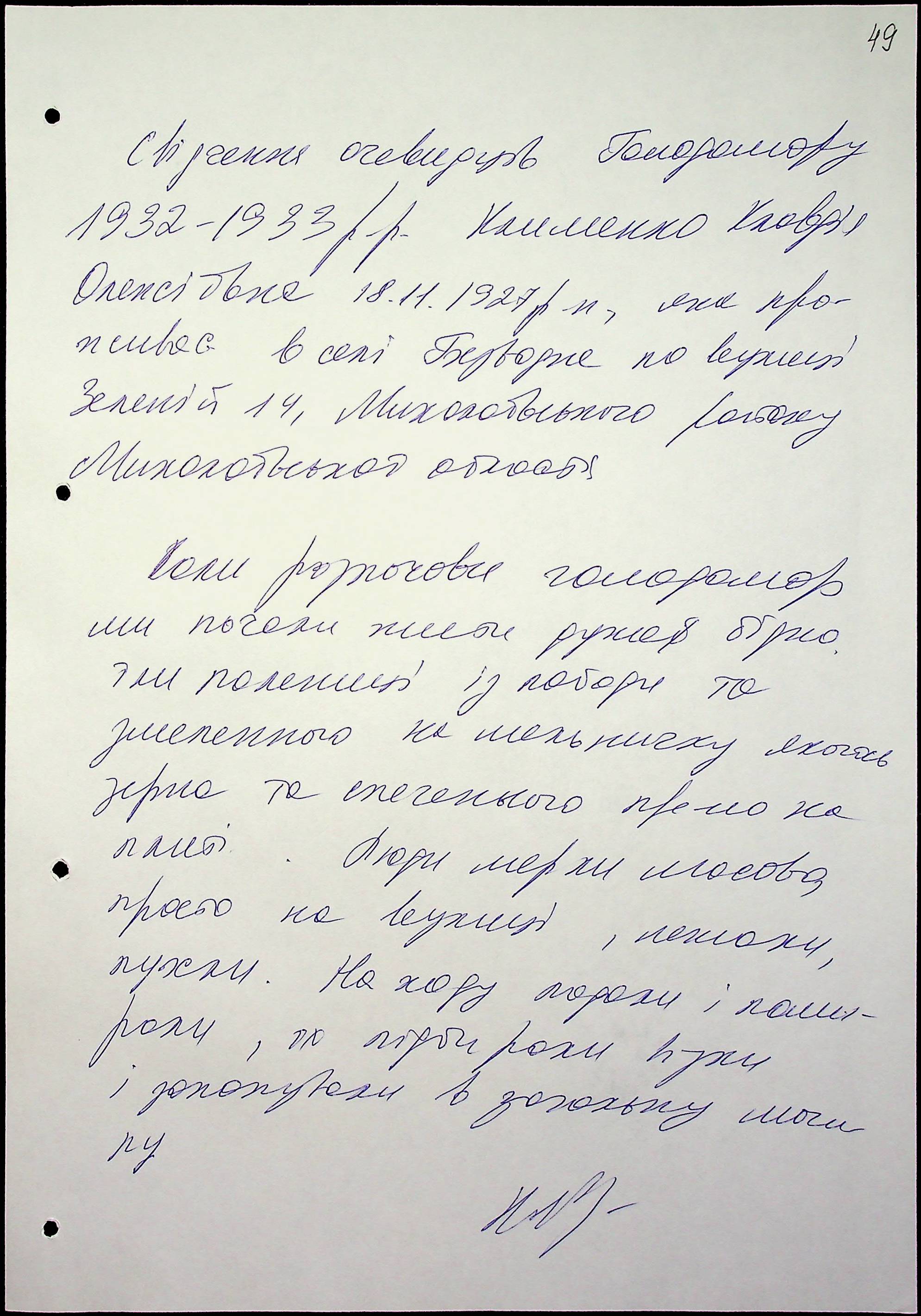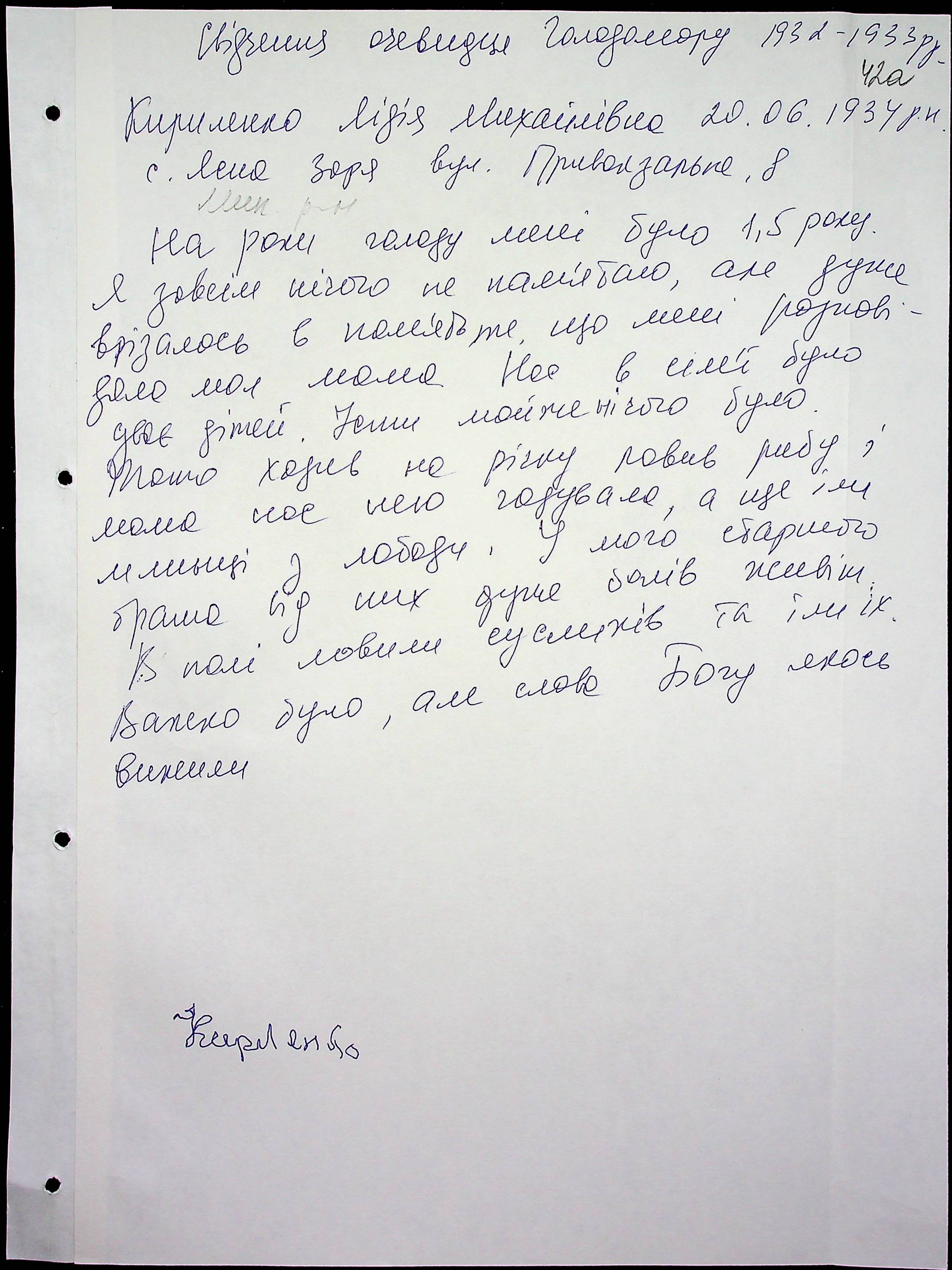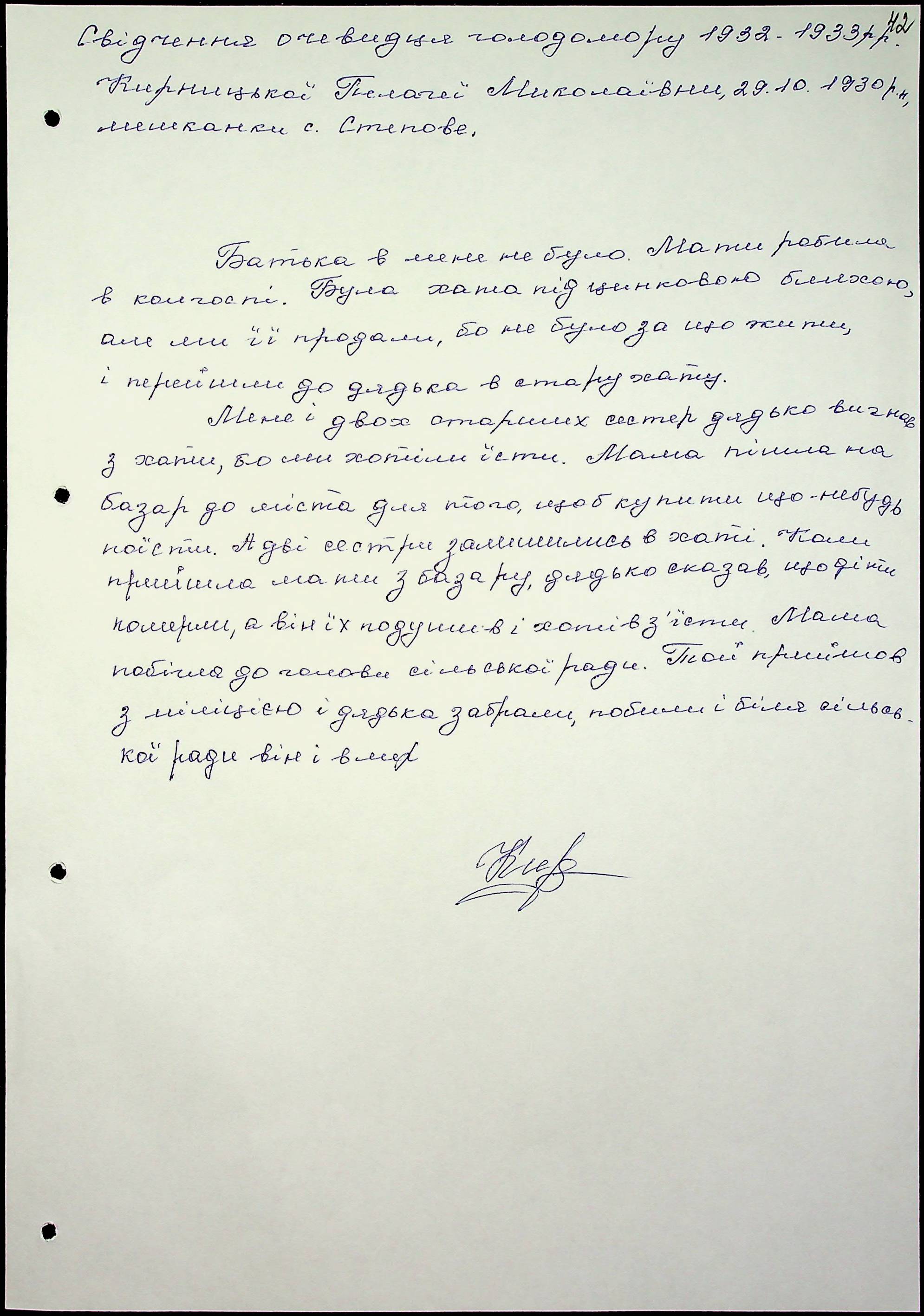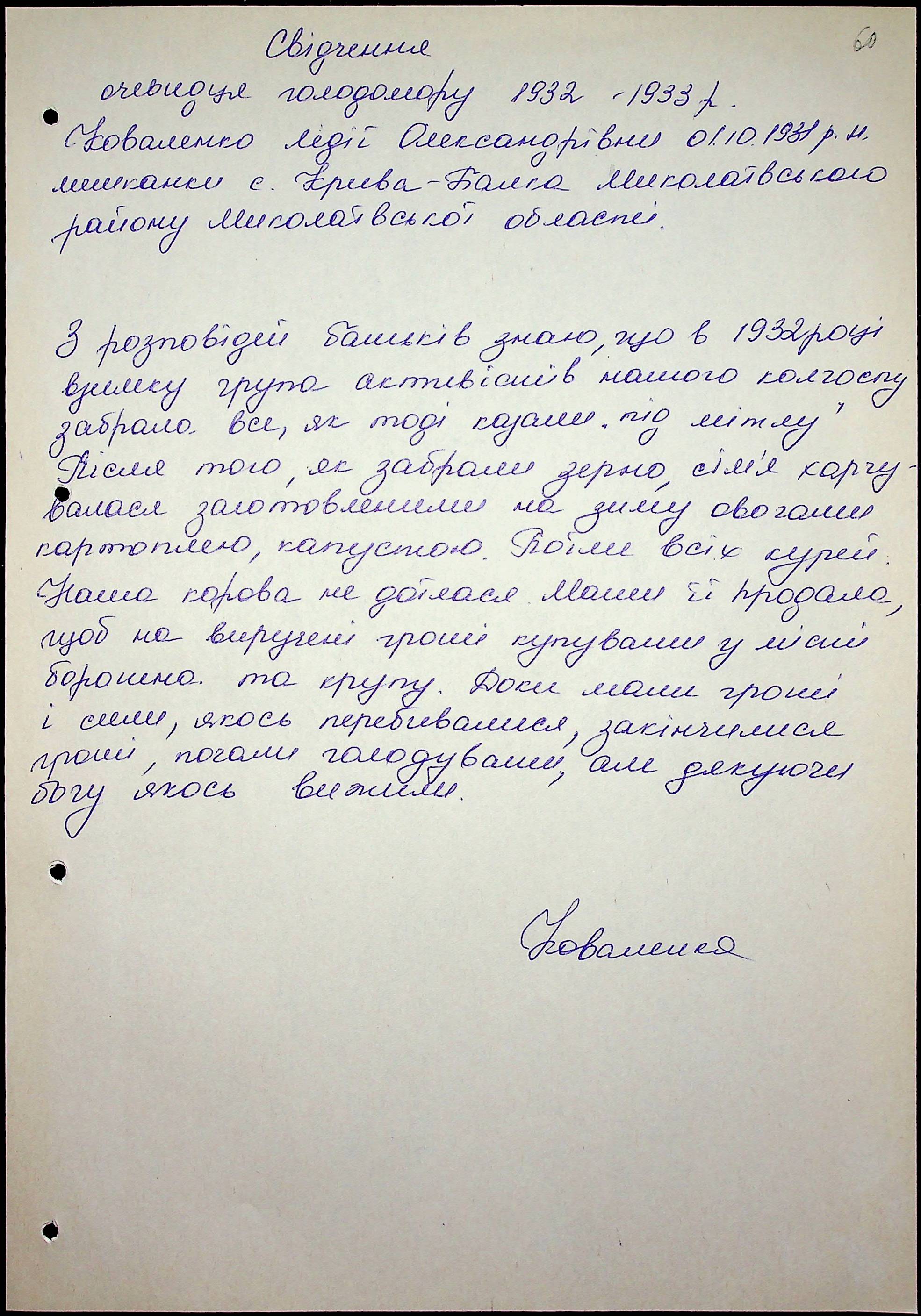 • • • • Справа № 48 “Свідчення очевидців Голодомору 1932-1933 років, які проживають у Миколаївському районі, з прізвищами на літери К–Л”
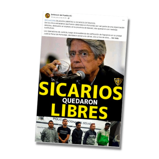 En Facebook circula una publicación que asegura que dos de los tres sicarios detenidos, por “ser parte de una organización delictiva dedicada al sicariato en Manabí”, fueron liberados. Los operadores de justicia habrían dictado medidas sustitutivas a la prisión. Además, se asegura que la Policía Nacional hizo un llamado a los jueces para que se sancione correctamente a quienes cometen delitos”. La información es falsa.
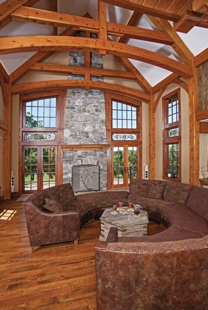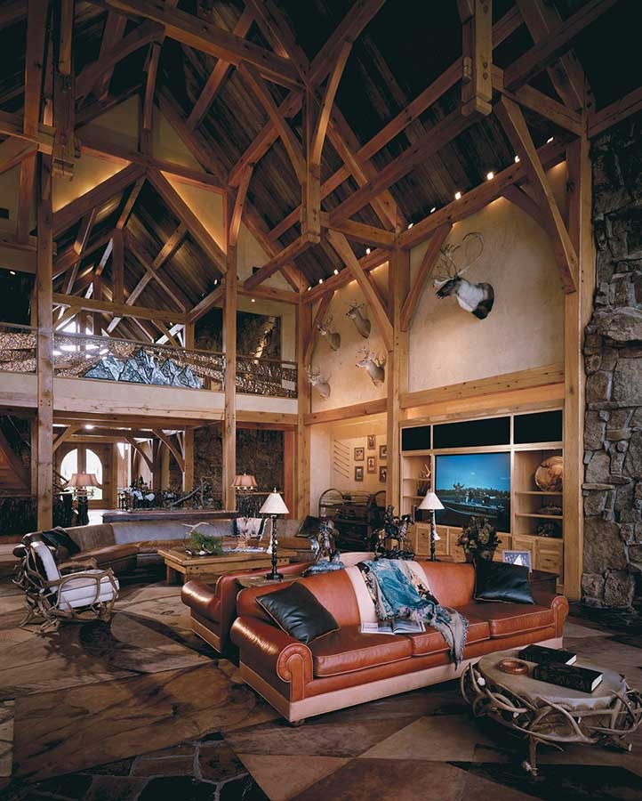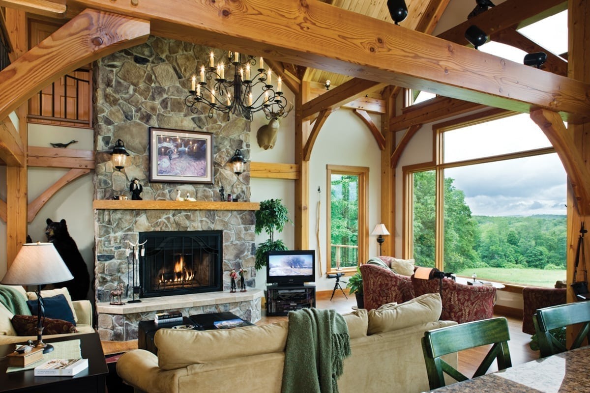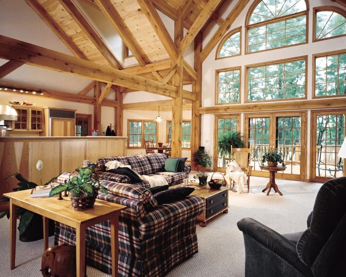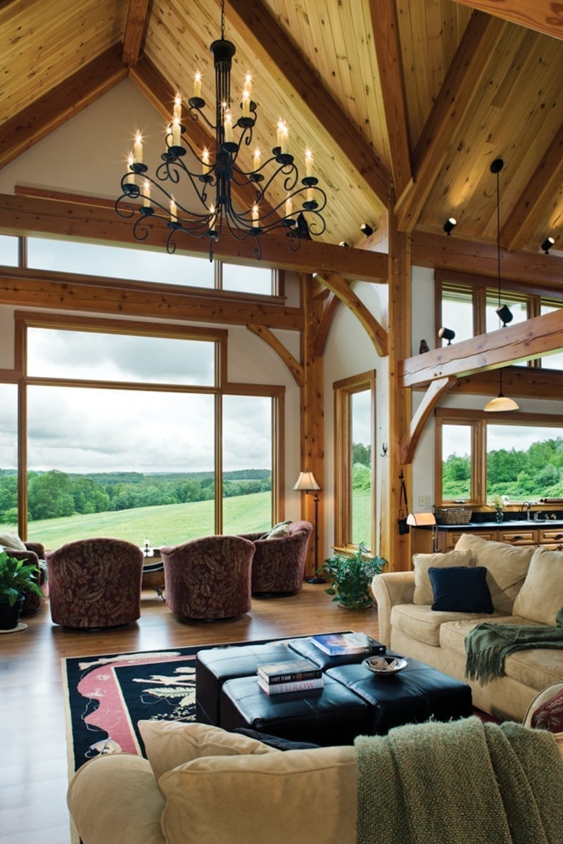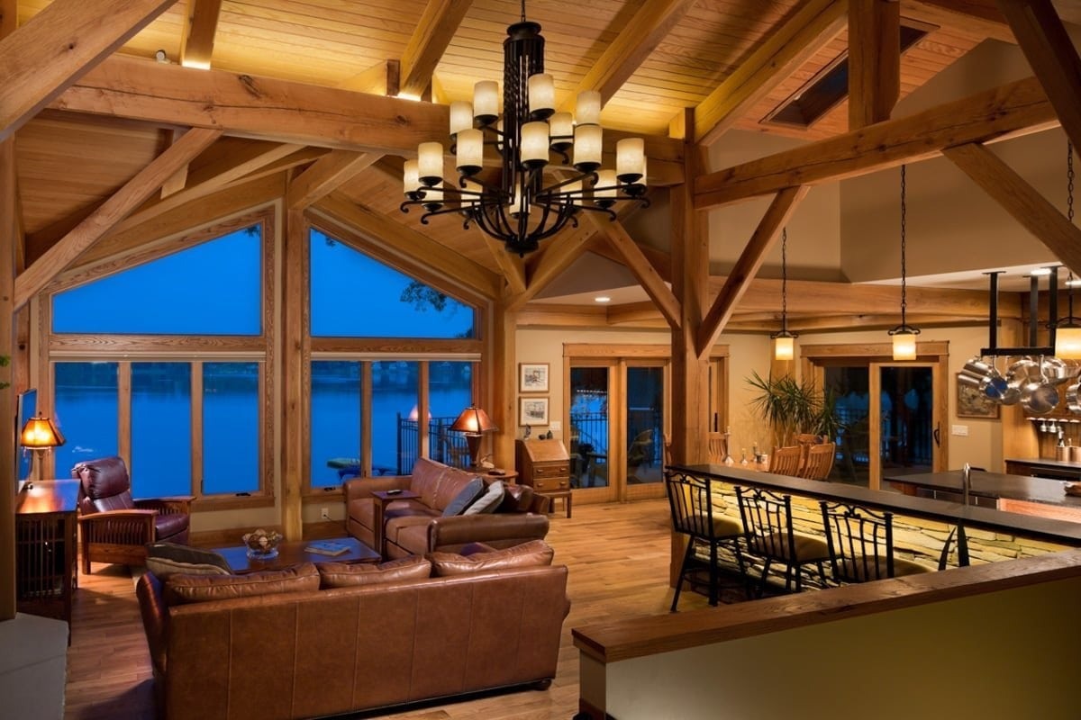 The great room commonly makes up the heart of most homes. As a popular gathering area, this room is often spacious and features vaulted ceilings with warm timber framing. The specific style of timber framing can vary greatly depending on the space and your personal preferences. Are you still trying to determine how you would like to design your own great room? Our gallery of great room photos is the perfect place for you to get ideas. Have a good look at everything from rustic lodges to elegant modern designs.
──────
Repeat word for word the lines from the one holding "En Facebook circula" through the last line of the listing above, including both ends. Drop the pictures.

 En Facebook circula una publicación que asegura que dos de los tres sicarios detenidos, por “ser parte de una organización delictiva dedicada al sicariato en Manabí”, fueron liberados. Los operadores de justicia habrían dictado medidas sustitutivas a la prisión. Además, se asegura que la Policía Nacional hizo un llamado a los jueces para que se sancione correctamente a quienes cometen delitos”. La información es falsa.
 The great room commonly makes up the heart of most homes. As a popular gathering area, this room is often spacious and features vaulted ceilings with warm timber framing. The specific style of timber framing can vary greatly depending on the space and your personal preferences. Are you still trying to determine how you would like to design your own great room? Our gallery of great room photos is the perfect place for you to get ideas. Have a good look at everything from rustic lodges to elegant modern designs.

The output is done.